About this exercise
Please retype the listing below word for word and exclude its images.

Input data
——————
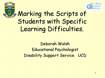 <Notice: Removed> Marking the Scripts of Students with Specific Learning Difficulties. PowerPoint PPT Presentation
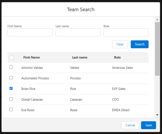In the Team Search dialog, you can search and select the users to add to the team.
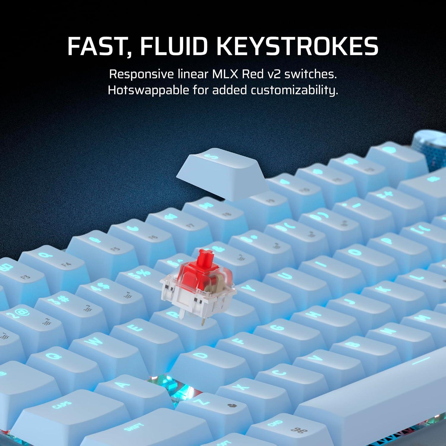Corsair K65 Plus Wireless 75% RGB Hot-Swappable Mechanical Gaming Keyboard for Mac and iPad – Pre-Lubricated MLX Red v2 Linear Switches, Sound Dampening – QWERTY NA Layout – Glacier Blue
——————
Response area
 <Notice: Removed> Marking the Scripts of Students with Specific Learning Difficulties. PowerPoint PPT Presentation
In the Team Search dialog, you can search and select the users to add to the team.
Corsair K65 Plus Wireless 75% RGB Hot-Swappable Mechanical Gaming Keyboard for Mac and iPad – Pre-Lubricated MLX Red v2 Linear Switches, Sound Dampening – QWERTY NA Layout – Glacier Blue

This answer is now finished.